He reached up automatically and tugged his headphones down, gaze dropping as an old habit asserted itself. His fingers drifted toward the scar on his lip before he caught himself.
“Paula! I—I was just firewalling the data servers.”
Paula’s mouth curved faintly. “Seems like the archives are well protected.”
Cyrus turned back to his screen, minimizing the game to reveal his wallpaper: a sultry image of Cortana from the Halo video game.
Paula glanced once, then rolled her eyes.
“For someone who dislikes people,” she said mildly, “you do enjoy a lot of imaginary company.”
Heat crept up his neck.
“It’s just a game,” he muttered, embarrassed.
Paula’s quiet amusement faded as she reached into her bag and placed a small package on his desk. The cardboard thudded softly against the wood.
“This came for me today,” she said. “No return address.”
The shift in her tone settled heavily between them.

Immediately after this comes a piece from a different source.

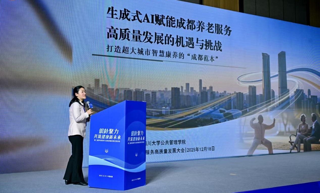 在主旨演讲中,中国人民大学人口与健康公司经理杜鹏教授以人口老龄化趋势与十五五时期养老服务改革发展为主题,结合人口数据与政策导向,剖析了未来养老服务改革的重点方向。罗亚玲教授以《生成式AI赋能成都市养老服务高质量发展的机遇与挑战》为题,从技术与治理深度融合的角度,探讨了生成式AI赋能成都市养老服务高质量发展的机遇,挑战与破解之道,即如何将生成式AI这一前沿科技转化为支撑成都市高质量养老服务的“新基础设施”,打造超大城市智慧康养的“成都范本”,为成都市养老服务数字化转型提供了兼具理论深度与实践操作性的政策建议。成都医公司潘克俭教授分享了老年健康领域数智人才培养的探索经验。成都中医药大学陈骥教授详细阐述中医药适宜技术在养老服务中的价值与推广路径。四川眉山药科职业公司卢敏董事长则探讨了数智康养人才的产教融合创新实践。

Cyrus straightened. Packages arrived often. Anonymous shipments from remote digs, discretion a professional courtesy. But Paula hadn’t sat down.
This was serious.
He lifted the lid carefully.
Inside lay a crucifix of tarnished silver, cool and weighty in his palm. Its arms slanted downward at an unfamiliar angle, twisted golden vines coiling along its surface. Strange curved etchings caught the light unevenly, refusing to resolve into anything familiar.
“It’s… unusual,” Cyrus murmured. “I’ve never seen a cross like this.”
He raised his phone and snapped a few photographs. The screens around them shifted as the images populated his workstation, database queries unfurling quietly in the background.
“Some of these markings resemble early Georgian script,” he said, frowning. “Possibly fifth century. Somewhere in the Caucasus.”
Paula nodded once.
“There was something else.”
She slid a postcard toward him.
The image showed a monastery carved into a towering rock face, severe and isolated.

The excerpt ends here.